Not delaying for more than the first “hooray,” she caught up her flower basket from the porch and ran into the kitchen. To fill the basket with glasses, cookies, and the three quart bottles was the work of only a few minutes. She confided the precious cargo to the MacMillans and smilingly waved off her now friendly guests, who departed amid subdued and genteel cheering. Imogen even baritoned the first line of “For he’s a jolly good fellow,” (substituting “she” of course); but the Pelham-Hews, turning crimson in an agony of hurt refinement, begged her to desist. The gate clicked behind the spinsterical cortÈge; and five o’clock rang from the tower.

Rosamond went indoors and set out the plates for her supper.

By the slough, where the spinsters of Roseborough picnicked, the reeds and rushes were now silent and still, save where the light breeze passed; though there was a trail of freshly crushed and broken ones, where something heavier than the breeze had made its way through. One individual besides the toll-man saw the black-suited, black-whiskered stranger that afternoon. Johnson, the butcher’s boy, encountered him in a lane almost directly behind the two neighbouring cottages where lived Mr. Horace Ruggle and Miss Jenny’s mother, Mrs.

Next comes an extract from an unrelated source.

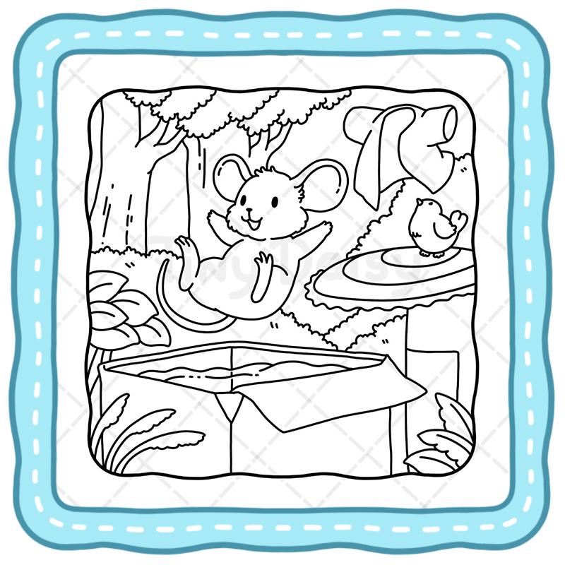 This tiny mouse coloring book blends everyday scenes with subtle fantasy elements.

Hackensee. Mrs. Hackensee occupied the front of her cottage and rented the two back rooms, overlooking the river, to Dr. Frei, the young musician who had come to Roseborough within the last few weeks. “Dr. Frei, Violin Instructor” said the written placard on his door.

Johnson nursed an intense dislike for aliens; he “suspected ’em of plottin’ agin the guver-mint.” Dr. Frei was an alien, and Johnson told Mrs. Witherby’s day maid, Hannah Ann, that he suspected the black-whiskered man of being in a plot with Dr. Frei to blow up the Roseborough gaol or the bell tower “or sump’n”; because, when he turned about at the end of the lane for a second look, the stranger had disappeared! After he had left her, Hannah Ann was in a seriously overwrought condition; and so Mrs. Witherby found her when she returned from her drive. Such was Mrs. Witherby’s own temperament, that it was not long before mistress and maid were in the same state of mind. Indeed, Mrs. Witherby was obliged to forego her customary glass of stout at dinner, because Hannah Ann refused to descend alone to the cellar for it and Mrs. Witherby would not allow her daughter Corinne to accompany her. Mabel Crewe, her niece, was not afraid, but she had turned sulky and bitter under her aunt’s jibes on Wilton Howard’s account. She revenged herself, therefore, by mocking at Mrs. Witherby’s fears and by making her go without her ale.